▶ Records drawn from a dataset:
*****
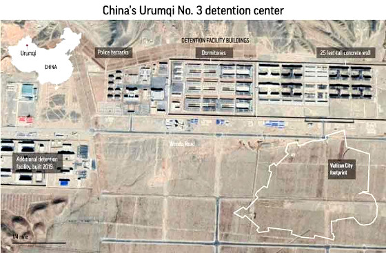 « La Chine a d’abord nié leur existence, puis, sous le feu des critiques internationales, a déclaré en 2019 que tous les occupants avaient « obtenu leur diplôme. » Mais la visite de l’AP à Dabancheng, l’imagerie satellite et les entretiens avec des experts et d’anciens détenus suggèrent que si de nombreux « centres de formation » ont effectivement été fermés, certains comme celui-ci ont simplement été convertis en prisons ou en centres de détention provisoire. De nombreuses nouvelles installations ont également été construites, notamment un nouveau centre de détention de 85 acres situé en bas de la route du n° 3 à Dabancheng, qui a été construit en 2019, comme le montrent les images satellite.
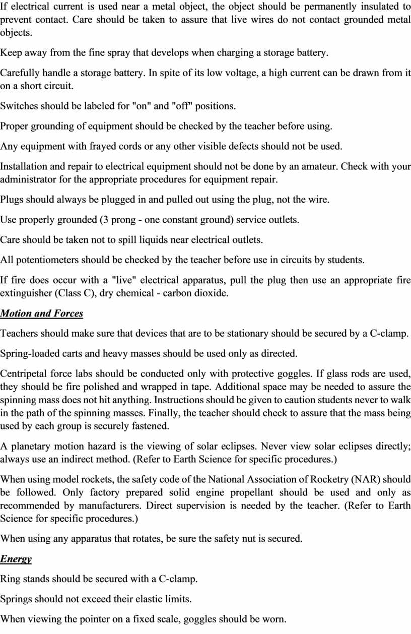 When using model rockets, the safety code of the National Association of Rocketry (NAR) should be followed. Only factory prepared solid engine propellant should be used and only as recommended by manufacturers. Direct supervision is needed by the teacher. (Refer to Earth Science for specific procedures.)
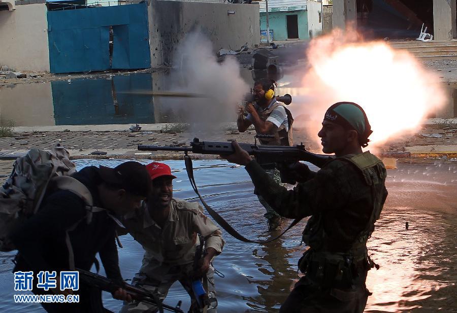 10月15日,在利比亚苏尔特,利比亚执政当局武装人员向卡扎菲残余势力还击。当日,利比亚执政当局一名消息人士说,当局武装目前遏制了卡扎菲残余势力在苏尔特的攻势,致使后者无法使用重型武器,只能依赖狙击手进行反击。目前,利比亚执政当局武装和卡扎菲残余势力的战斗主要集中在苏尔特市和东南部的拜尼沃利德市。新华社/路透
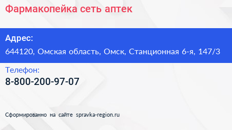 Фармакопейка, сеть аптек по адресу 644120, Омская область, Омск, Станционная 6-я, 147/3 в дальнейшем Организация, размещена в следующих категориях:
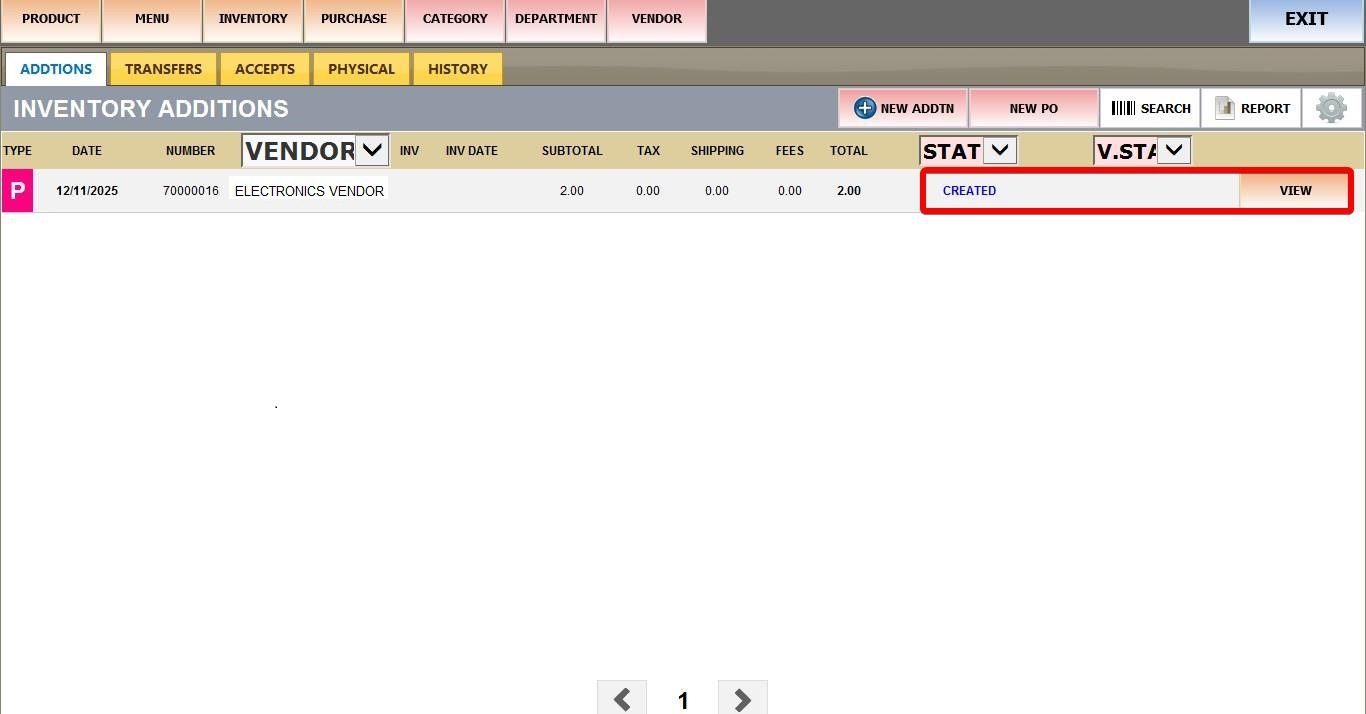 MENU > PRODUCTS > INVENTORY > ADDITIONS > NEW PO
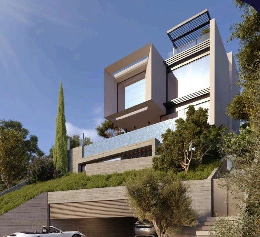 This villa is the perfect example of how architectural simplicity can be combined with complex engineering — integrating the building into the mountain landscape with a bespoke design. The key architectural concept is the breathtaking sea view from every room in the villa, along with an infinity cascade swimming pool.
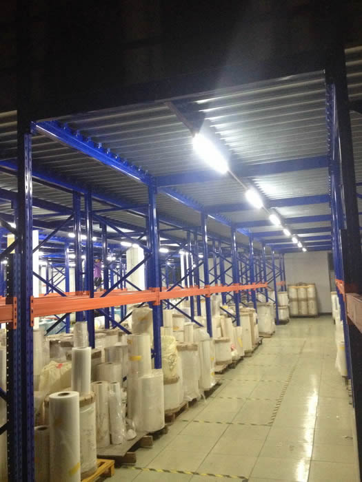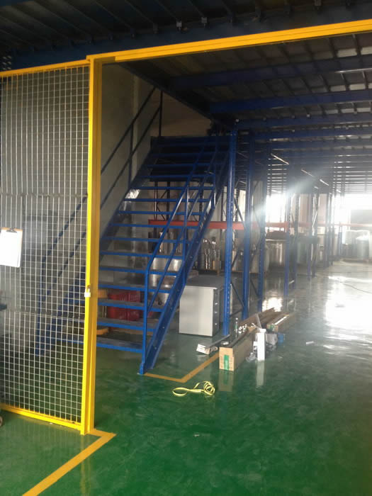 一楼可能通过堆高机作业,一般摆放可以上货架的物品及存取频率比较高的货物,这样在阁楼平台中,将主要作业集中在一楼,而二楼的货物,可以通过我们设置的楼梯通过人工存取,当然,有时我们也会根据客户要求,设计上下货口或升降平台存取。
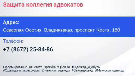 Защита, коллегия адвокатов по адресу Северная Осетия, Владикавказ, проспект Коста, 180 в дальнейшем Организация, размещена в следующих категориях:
*****
▶ TASK DESCRIPTION:
Write out, word for word, the lines from the start of the data through the one holding "10月15日,在利比亚苏尔特". Omit pictures.

▶ WRITTEN SOLUTION:
 « La Chine a d’abord nié leur existence, puis, sous le feu des critiques internationales, a déclaré en 2019 que tous les occupants avaient « obtenu leur diplôme. » Mais la visite de l’AP à Dabancheng, l’imagerie satellite et les entretiens avec des experts et d’anciens détenus suggèrent que si de nombreux « centres de formation » ont effectivement été fermés, certains comme celui-ci ont simplement été convertis en prisons ou en centres de détention provisoire. De nombreuses nouvelles installations ont également été construites, notamment un nouveau centre de détention de 85 acres situé en bas de la route du n° 3 à Dabancheng, qui a été construit en 2019, comme le montrent les images satellite.
 When using model rockets, the safety code of the National Association of Rocketry (NAR) should be followed. Only factory prepared solid engine propellant should be used and only as recommended by manufacturers. Direct supervision is needed by the teacher. (Refer to Earth Science for specific procedures.)
 10月15日,在利比亚苏尔特,利比亚执政当局武装人员向卡扎菲残余势力还击。当日,利比亚执政当局一名消息人士说,当局武装目前遏制了卡扎菲残余势力在苏尔特的攻势,致使后者无法使用重型武器,只能依赖狙击手进行反击。目前,利比亚执政当局武装和卡扎菲残余势力的战斗主要集中在苏尔特市和东南部的拜尼沃利德市。新华社/路透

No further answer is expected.